William T. Egan, another attorney, also testified that plaintiff was unable to function as a lawyer.

[3] Plaintiff explained that his somewhat inconsistent behavior in pursuing this claim was a result of his varying mental state, in that at times he was afraid of accepting disability and possible disbarment.

[4] The trial court in addition found that defendant was estopped from strictly enforcing the proof-of-loss provisions. In view of our conclusion that the "period for which the Company is liable" is the total period of disability, we find it unnecessary to consider this point.

[5] Some of the income resulted from post-accident billing for pre-accident work.
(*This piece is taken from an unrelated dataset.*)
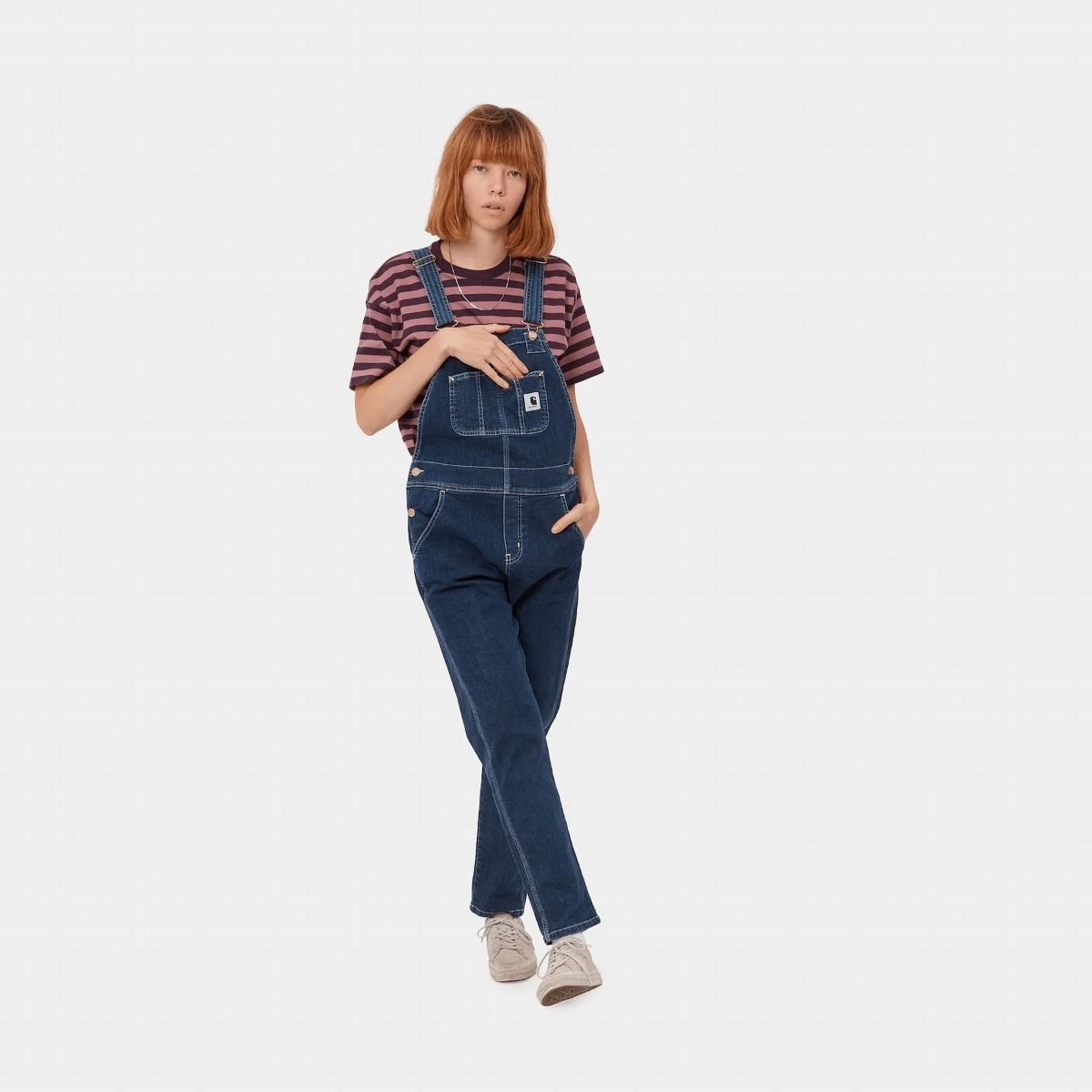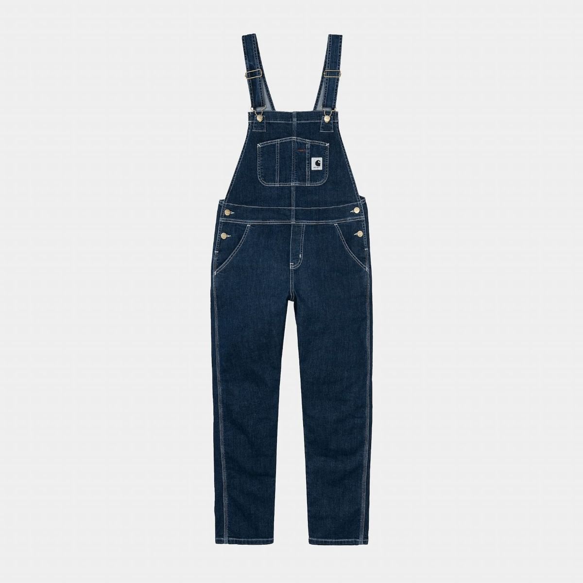 El peto para mujer W' Bib Overall azul (Blue-Stone Washed) de Carhartt WIP está confeccionado con denim de algodón elástico Gallatin.

[6] Judge Danielson's memorandum explained: "The difficulty involved in the particular case before the court at this time arises from the fact that the policy of insurance underwritten by The Commercial Insurance Company of Newark, New Jersey, terminated on or about April 1, 1966, and a subsequent policy then went into effect underwritten by the Fireman's Fund Insurance Company. During all negotiations concerning settlement, it was apparent that plaintiff's counsel did not want to stipulate away the plaintiff's right to claim future disability arising from the injury to his hand. This intent was apparent to the court during negotiations with counsel for The Commercial Insurance Company and also was reflected in the subsequent negotiations with the other insurance carriers which resulted in the settlement of those cases. In neither of the latter cases, was plaintiff's right to make such a claim disposed of by stipulation."